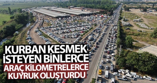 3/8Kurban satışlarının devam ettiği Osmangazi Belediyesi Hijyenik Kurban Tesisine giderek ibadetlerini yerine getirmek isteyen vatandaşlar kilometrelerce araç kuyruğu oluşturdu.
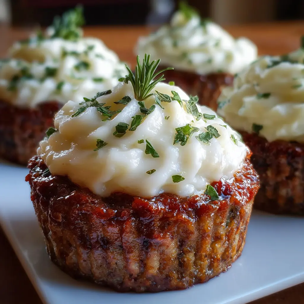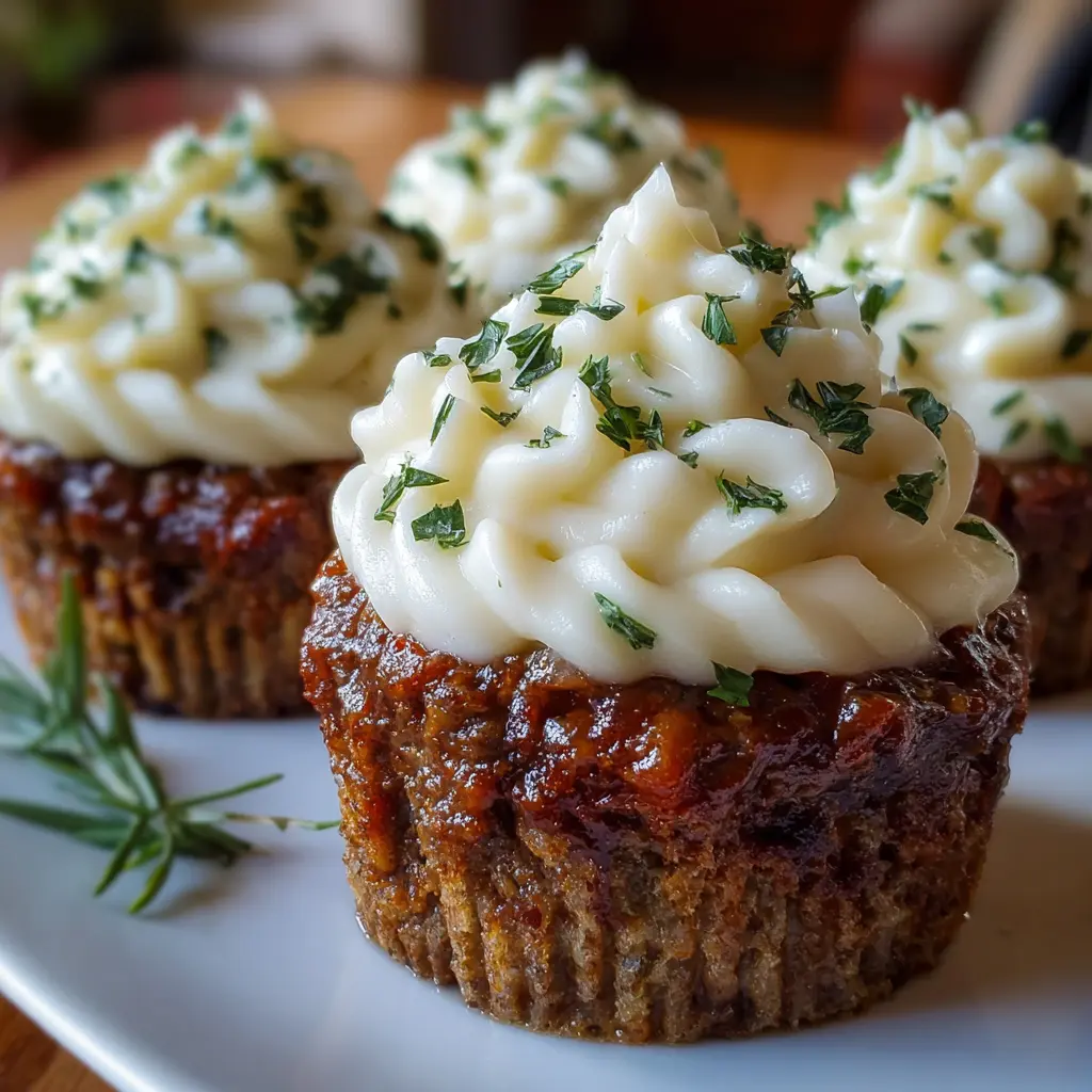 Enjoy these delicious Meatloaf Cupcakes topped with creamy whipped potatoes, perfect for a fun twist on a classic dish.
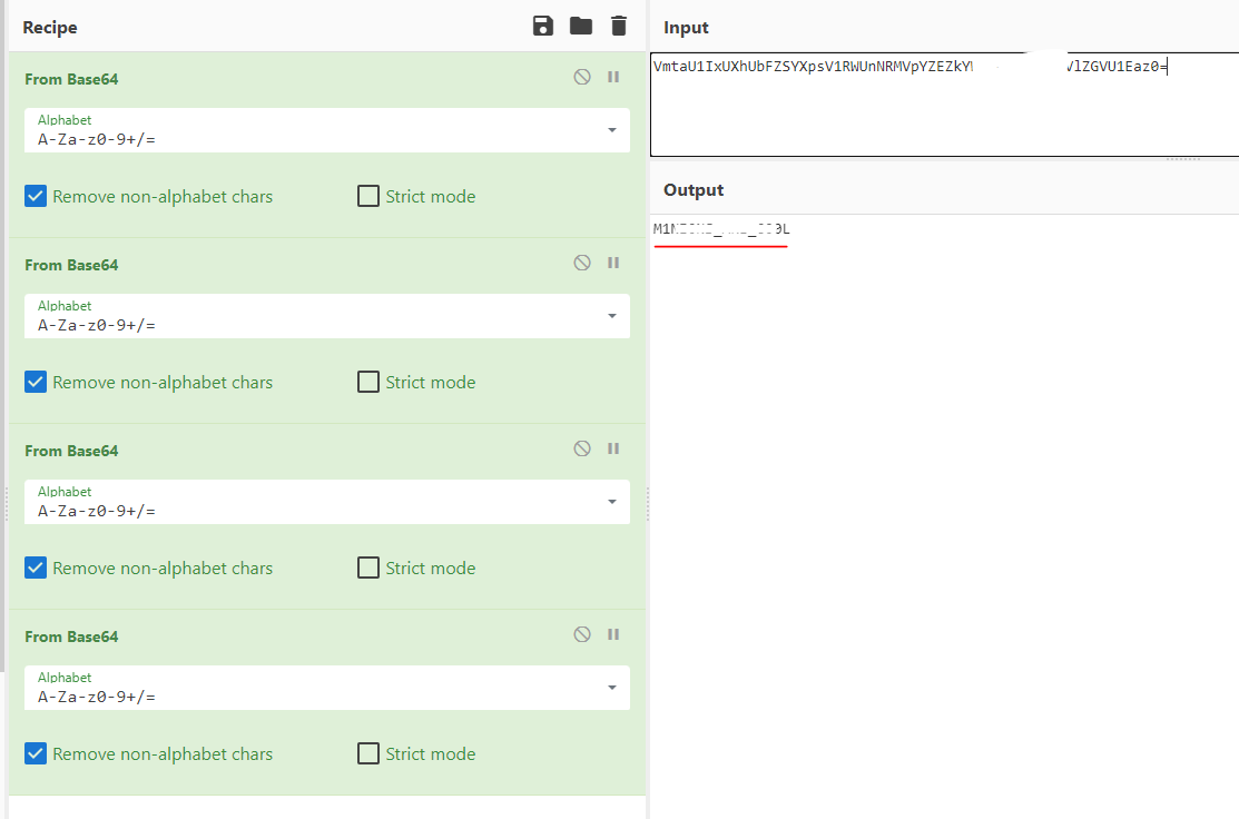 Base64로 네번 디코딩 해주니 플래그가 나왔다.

TASK INSTRUCTIONS
Everything in the data must be printed verbatim except the pictures.

TASK RESPONSE
 3/8Kurban satışlarının devam ettiği Osmangazi Belediyesi Hijyenik Kurban Tesisine giderek ibadetlerini yerine getirmek isteyen vatandaşlar kilometrelerce araç kuyruğu oluşturdu.
 Enjoy these delicious Meatloaf Cupcakes topped with creamy whipped potatoes, perfect for a fun twist on a classic dish.
 Base64로 네번 디코딩 해주니 플래그가 나왔다.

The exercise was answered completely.